David emphasized that today’s AI excels at focused tasks, like extracting structured data from unstructured documents. But managing an end-to-end process requires understanding AI’s limitations and intelligently looping the human back in where there is an extremely high bar for accuracy. In the case of Keeper, tax-related questions require this extra diligence.

Proactively identifying those limitations and setting expectations up-front with the user ensures customers aren’t surprised when the technology falls short.

Step 3: Evolve Alongside Emerging Capabilities

As LLMs rapidly advance, David expects AI applications to expand beyond internal operations (like writing code) into more customer-facing product offerings. However, he cautioned startups to stay grounded in solving real user needs instead of shiny new use cases. 

Keeper’s roadmap focuses on areas where AI can enhance their users’ experience and outcomes—such as simplifying convoluted tax processes—not chasing the cutting edge. “Right now most are focused on internal use cases,” David said. ”But over time, as people get more comfortable, we may change how users interact with software across industries.”

That said, David emphasized startups should carve out space for controlled experimentation as AI capabilities evolve. By taking an incremental, validated learning approach, founders can ride successive waves of innovation while mitigating risk.

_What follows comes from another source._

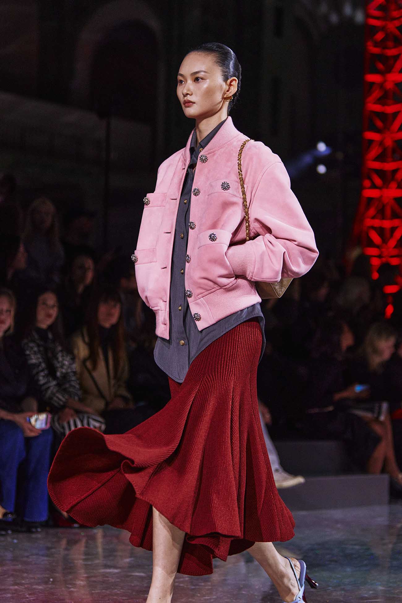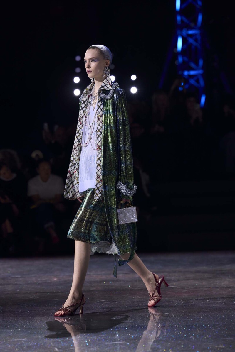 コレクションは1920〜30年代、50〜60年代、そして現代へと連なる時間の流れの中で展開されます。その中心になったのはメゾンを象徴するスーツ。クラシックなツイード、リブニット、ルレックス、シリコンなど、様々な素材で大胆に再解釈されたスーツがランウェイを彩ります。
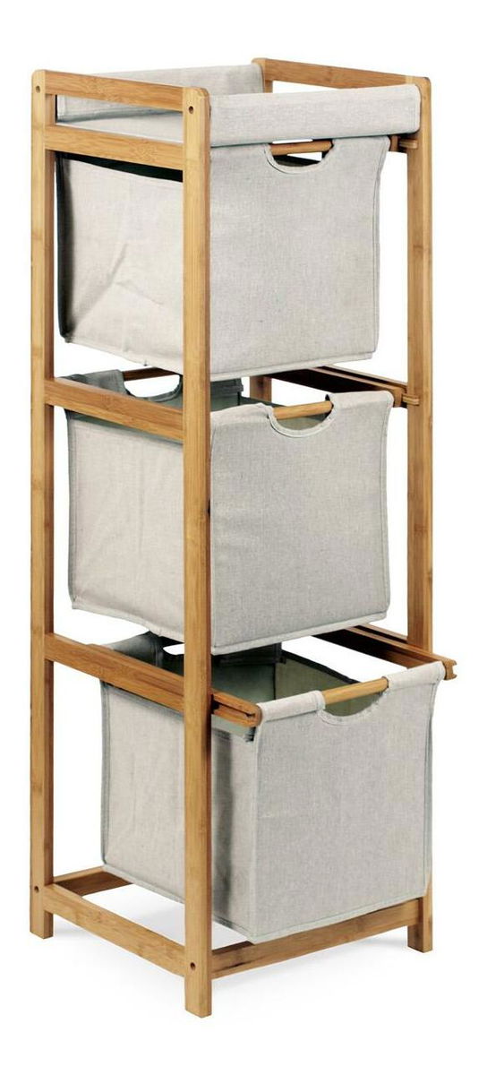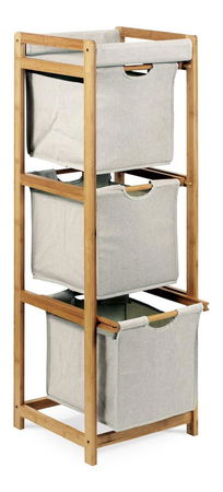 Multifunkční regál se třemi zásuvkami/boxy. Nosná konstrukce je vyrobena z masivního bambusu, lakovaného kvalitním transparentním lakem. Bambus jako takový opuzuje vodu a touto povrchovou úpravou dosahuje velmi dobré voděodolnosti. Výsuvné boxy jsou vyrobeny ze středně silné látky v šedém odstínu se závěsným rámem z bambusu. Regál vhodný do koupelen, ale také do síní či místností, kde upotřebíte úložné prostory. Látkové boxy jsou prodyšné, jejich nosnost je až 3 kg, celková 9 kg. Ideální regál k plné spokojenosti využijete pro uložení ručníků, osušek nebo i části oblečení, popř.

Step 4: Use Size and Speed as an Advantage

A startup’s biggest advantage is its speed—and that’s true when it comes to implementing AI too. In this case, the competitive landscape might actually create a larger advantage for smaller players. 

For large players, there’s a disproportionate risk of public backlash. AI-created mistakes, such as hallucinations, are far riskier for established brands because of their massive social footprint. Imagine TurboTax’s AI making a mistake while preparing your tax return. The risk for industry incumbents is often too great to release a feature before it’s fully-baked, giving the small players a window of opportunity to take these risks, test new ideas, and be first to market. 

David stressed that the goal here is not to “move fast and break things” at scale, but rather to run controlled product tests at the cutting edge, and place considered product bets while industry goliaths are deliberating.

The Practical (and Fast) Path Forward

Leveraging AI doesn’t require massive teams and budgets—just thoughtful prioritization, user-centric design, and pragmatic delivery timed to the maturity of the technology. As David put it, AI is going to change how everyday people interact with computers. But right now, guardrails and guidelines are important. You can parse use-cases based on the accuracy level needed. Then over time, remove those guardrails.

Keeper’s journey shows how forward-thinking founders can tap into AI’s potential today—experimenting with user-facing features where the big players of industry won’t—while also laying the groundwork to unleash even more transformative applications down the road. These practical insights can help startups take real steps into the AI-enabled future—where the possibilities are vast and shiny, but progress comes one iteration at a time.

A special thanks to David for sharing his expertise and to my partner Steve, who led Foundation’s investment in Keeper.